Personal information
- Full name: Oussou Konan Anicet Harian Maxmalon
- Date of birth: 23 January 1989
- Place of birth: Anyama, Ivory Coast
- Date of death: 3 January 2022 (aged 32)
- Place of death: Yopougon, Ivory Coast
- Height: 1.81 m (5 ft 11 in)
- Position: Forward

Youth career
- Africa Sports

Senior career*
- Years: Team / Apps / (Gls)
- 2006–2008: Africa Sports
- 2008–2010: Espérance
- 2008: → Stade Tunisien (loan)
- 2009: → AS Marsa (loan)
- 2010–2012: Misr Lel-Makkasa / 23 / (11)
- 2012–2013: Al Ahly / 0 / (0)
- 2013: → Hajer (loan) / 9 / (1)
- 2013: Gaziantep B.B. / 10 / (1)
- 2014: HJK / 18 / (4)
- 2014–2016: Tala'ea El-Gaish /  / (6)
- 2016–2017: Saham
- 2017: CA Bizertin / 4 / (0)
- 2018–2019: San Pédro
- 2019–2020: Stade Lausanne / 18 / (2)
- 2021: Nam Dinh / 10 / (7)
- 2021: Al-Bukiryah

= Oussou Konan Anicet =

Ivorian footballer (1989–2022)

Oussou Konan Anicet Harian Maxmalon (23 January 1989 – 3 January 2022) was an Ivorian professional footballer who played as a forward.

==Career==
Anicet started his career at Africa Sports, a club in his home town Abidjan, before moving to Tunisia in 2008 to join Espérance Sportive de Tunis, with which he signed for five years.
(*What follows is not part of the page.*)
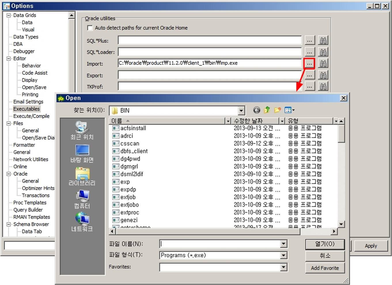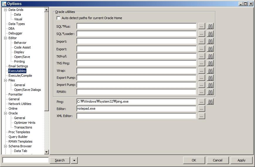 토드에서 사용하는 많은 유틸리티 즉, export나 import, tnsping 등은 오라클 클라이언트가 가지고 있는 오라클의 유틸리티를 사용합니다. 따라서 토드에서 이 기능을 정상적으로 사용하기 위해서는 실행 프로그램을 연결시켜 줘야 합니다. Menu > View > Toad Options에서 Executables을 선택하면 확인할 수 있습니다.

After a half year loan spell with Stade Tunisien from Espérance Sportive de Tunis, he joined on 27 August 2009 AS Marsa on loan. He subsequently signed a three-year contract with the Egyptian club Al Ahly.

==Personal life and death==
Anicet died from a sudden illness on 3 January 2022, at the age of 32.